== Segment start ==
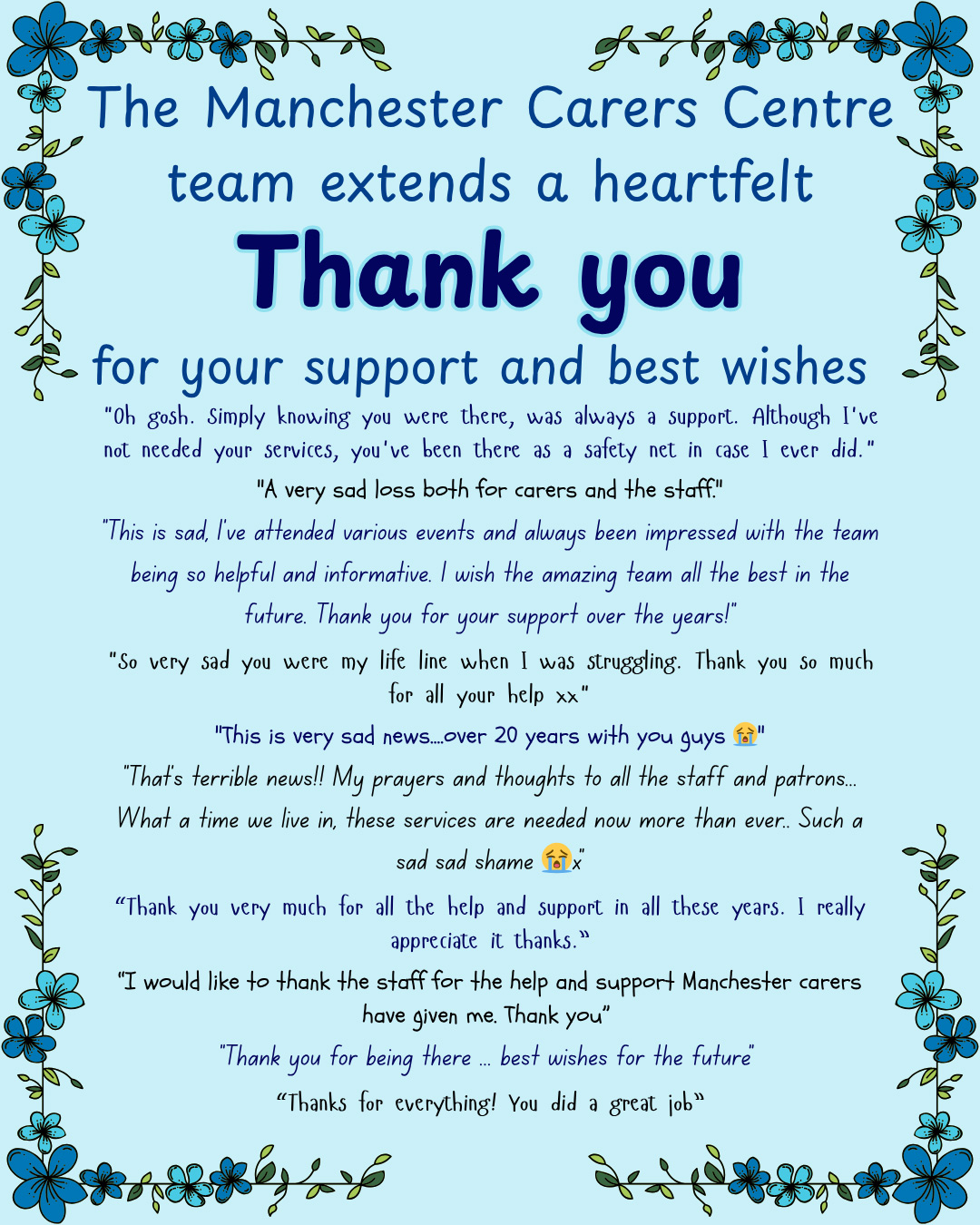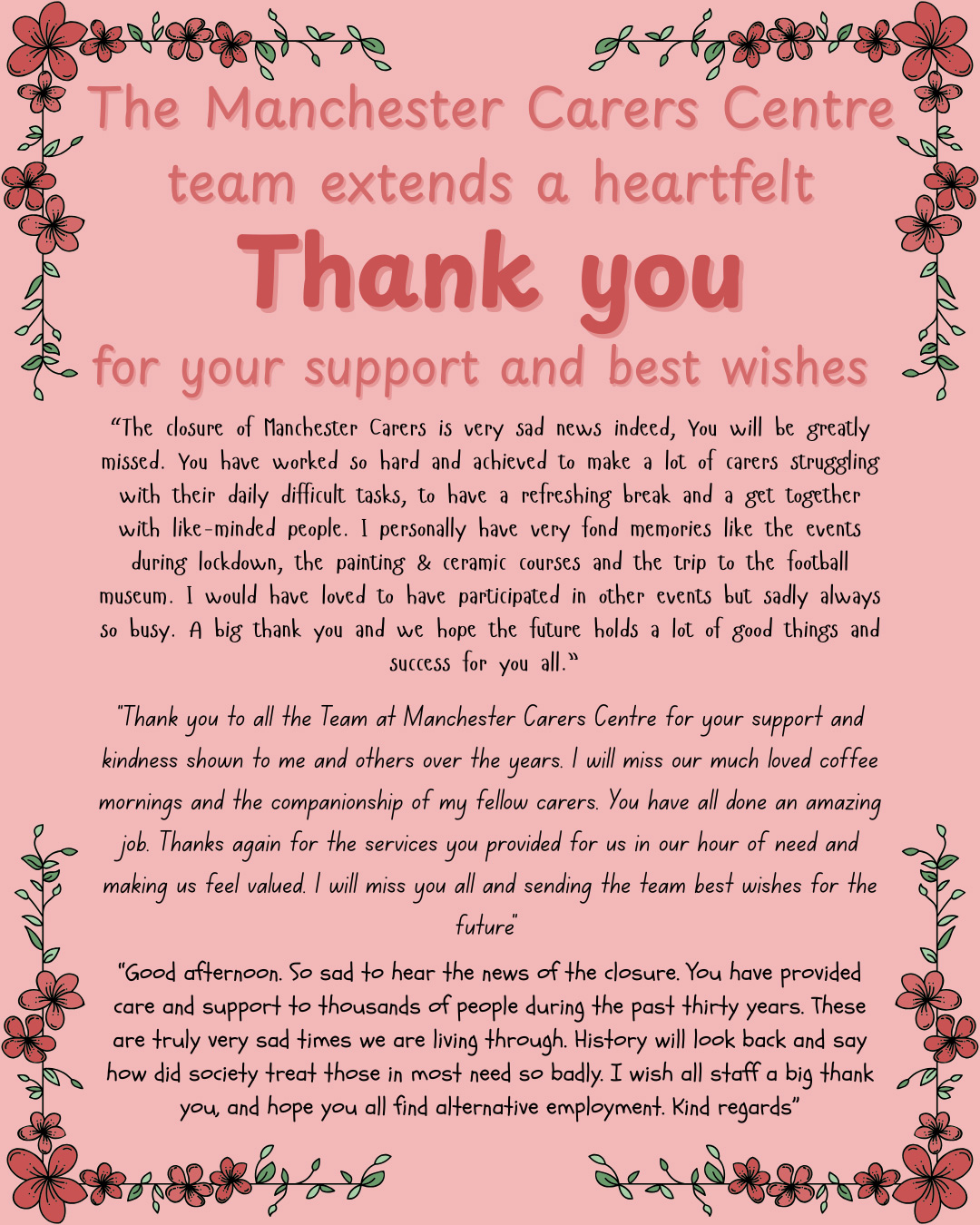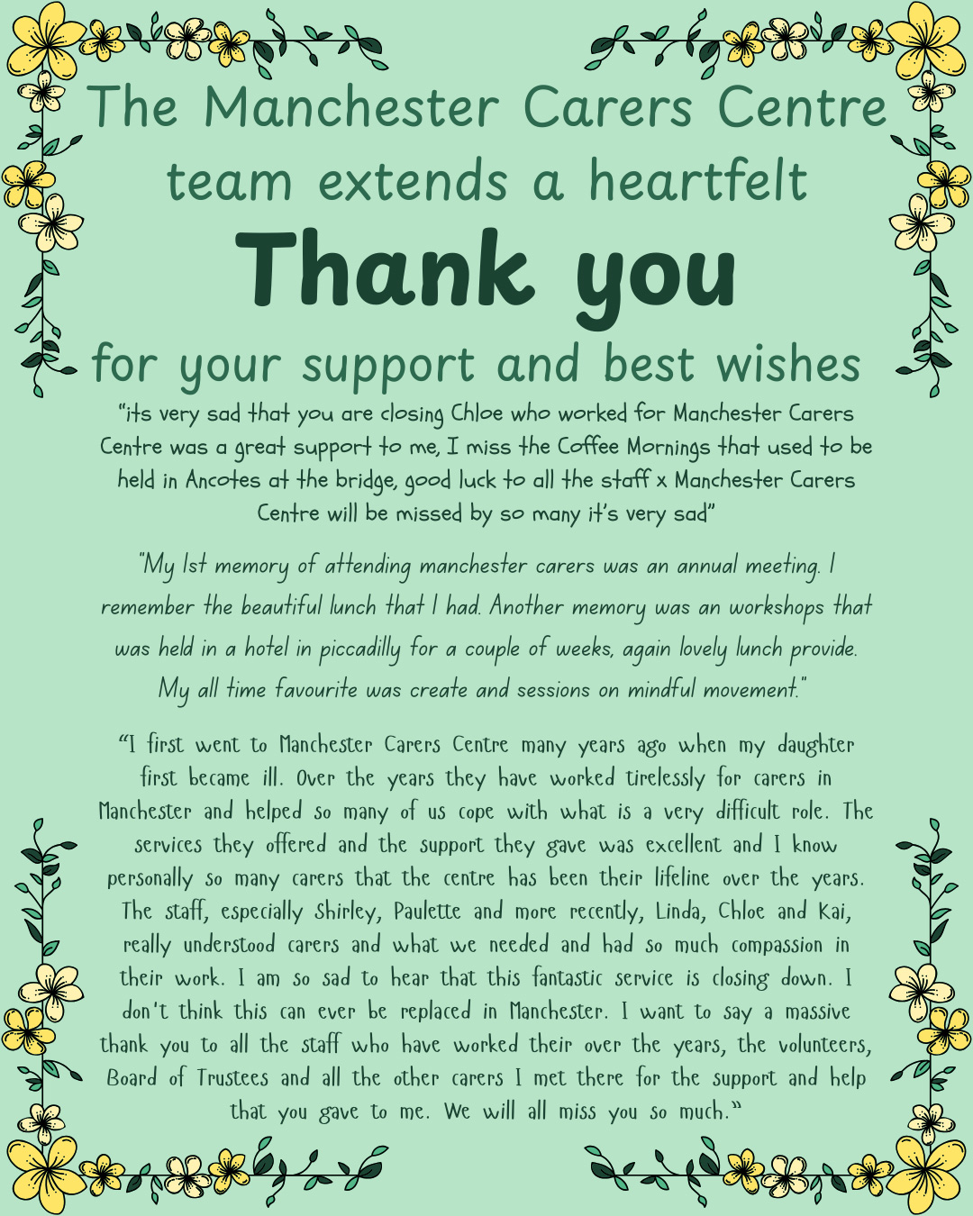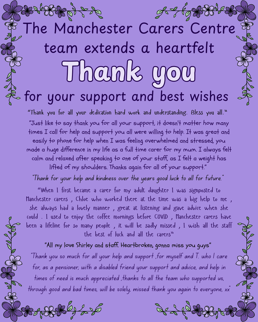 Manchester Carers Centre was established in 1997 as an independent voluntary organisation. We deliver a range of FREE, high quality support services for unpaid Carers in our City. These services include, practical help, community drop-ins, respite breaks, social activities, access to grants and training, and a dedicated Young Adult Carers Service for 16-25 year old Carers.
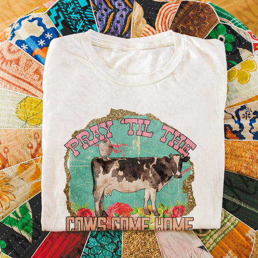 Pray Til The Cows Come Home Sublimation Design PNG Digital Download Printable Cow Chicken Small Town Farm Country Southern Mama Retro
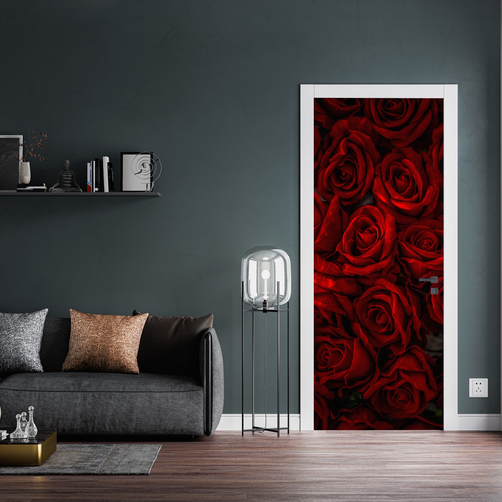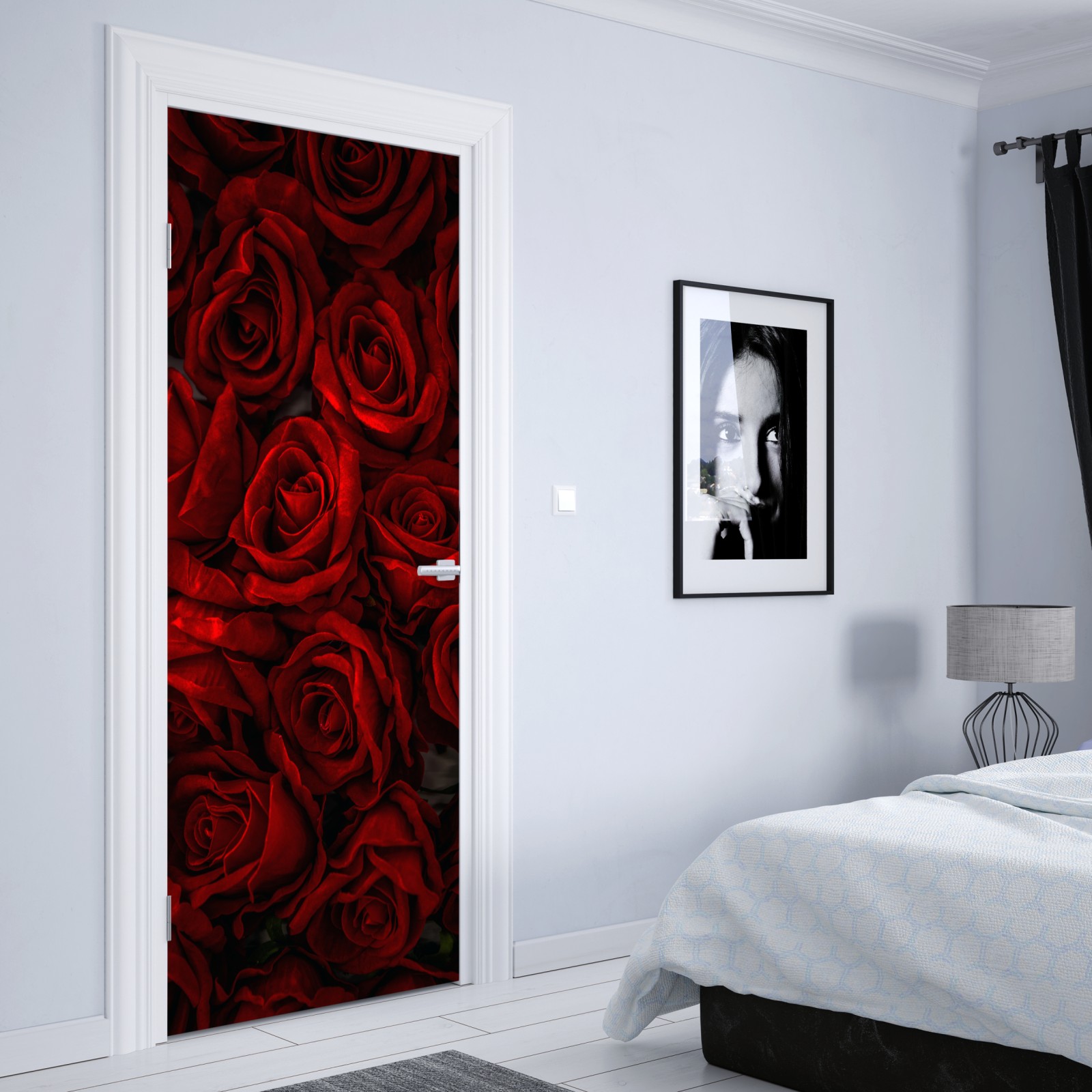 Verleihen Sie Ihrem Raum Wärme und Romantik mit einer intensiven Nahaufnahme roter Rosen.
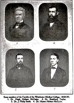 1. ^ a b c d e f McGuire, William P. (1937). "The Winchester Medical College". Surgery, Gynecology and Obstetrics. 64: 841–843.
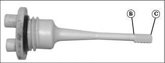 4. Remove dipstick. Oil level should be between high (B) and low (C) levels on dipstick. If oil level is low:
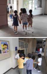 今日の『がっこうたんけん』では、2年生と1年生とが一緒に手をつなぎ、仲良くたんけ...
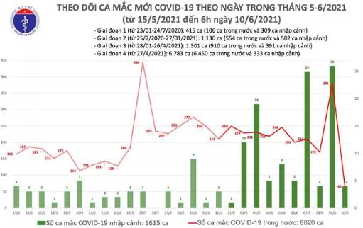 Bộ Y tế cho biết sáng 10-6 nước ta ghi nhận thêm 70 ca mắc Covid-19 (BN9566-9635) trong đó 4 ca cách ly ngay sau khi nhập cảnh tại Long An và 66 ca ghi nhận trong nước tại: TP HCM (26), Bắc Ninh (23), Bắc Giang (16), Hà Tĩnh (1); trong đó 50 ca được phát hiện trong khu cách ly hoặc khu đã được phong toả.
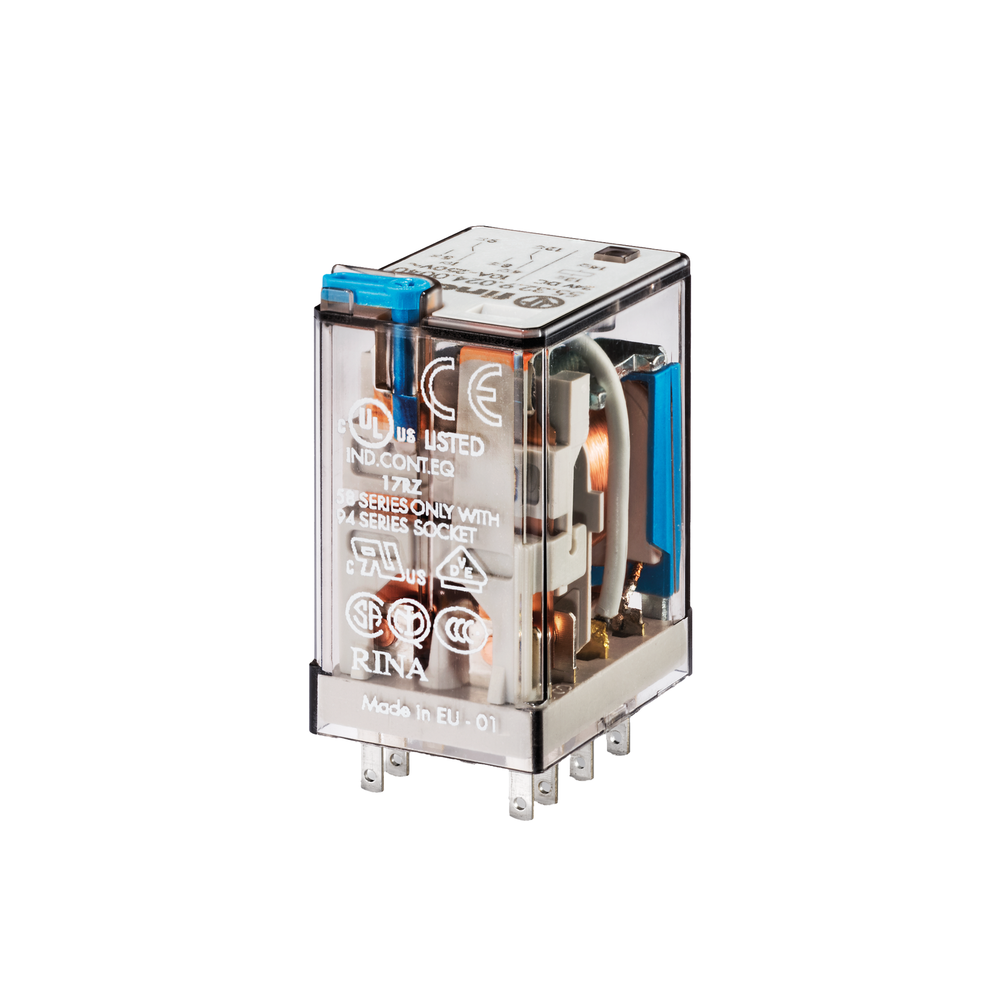 Relé industrial de uso general adecuado para montaje en zócalo de la serie 94, con 2 contactos conmutados de 10 A. Equipado con bobina de CA o CC, pulsador de prueba bloqueable e indicador mecánico estándar en 2 y 4 contactos. Variante con LED y módulo de protección integrado. Adaptadores disponibles para montaje alternativo. Patente europea.
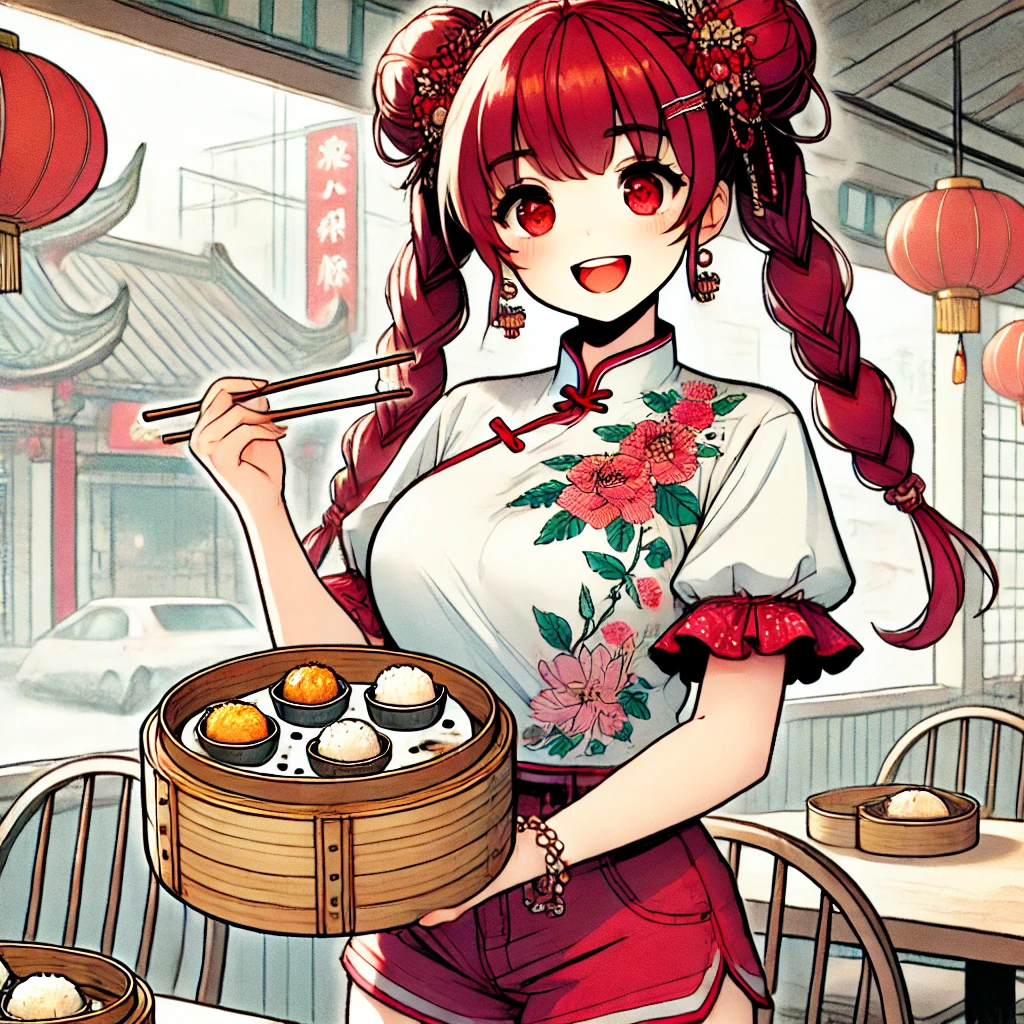 花刺繍入りのチャイナ風ブラウスとハイウエストパンツで登場する店長。点心の蒸籠を手に、明るい笑顔でポーズを取る。ファッション誌のような一枚。
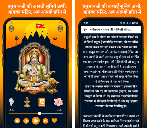 आपके पूजन के लिए हमने भगवान श्री हनुमानजी की आरती, चालीसा, भजन, मन्त्रों, कथा व् पूजा उपासना संग्रह एप में और साथ साथ भजन और मंत्र, स्तोत्रम को शामिल किया है। अभी सुनने के लिये डाउनलोड कीजिये.
== Segment end ==
> What this task involves: Print exactly, and print only, the lines from the line with "Bộ Y tế cho" through the last line of the entries, both ends included. No pictures belong in the result.

> The answer:
 Bộ Y tế cho biết sáng 10-6 nước ta ghi nhận thêm 70 ca mắc Covid-19 (BN9566-9635) trong đó 4 ca cách ly ngay sau khi nhập cảnh tại Long An và 66 ca ghi nhận trong nước tại: TP HCM (26), Bắc Ninh (23), Bắc Giang (16), Hà Tĩnh (1); trong đó 50 ca được phát hiện trong khu cách ly hoặc khu đã được phong toả.
 Relé industrial de uso general adecuado para montaje en zócalo de la serie 94, con 2 contactos conmutados de 10 A. Equipado con bobina de CA o CC, pulsador de prueba bloqueable e indicador mecánico estándar en 2 y 4 contactos. Variante con LED y módulo de protección integrado. Adaptadores disponibles para montaje alternativo. Patente europea.
 花刺繍入りのチャイナ風ブラウスとハイウエストパンツで登場する店長。点心の蒸籠を手に、明るい笑顔でポーズを取る。ファッション誌のような一枚。
 आपके पूजन के लिए हमने भगवान श्री हनुमानजी की आरती, चालीसा, भजन, मन्त्रों, कथा व् पूजा उपासना संग्रह एप में और साथ साथ भजन और मंत्र, स्तोत्रम को शामिल किया है। अभी सुनने के लिये डाउनलोड कीजिये.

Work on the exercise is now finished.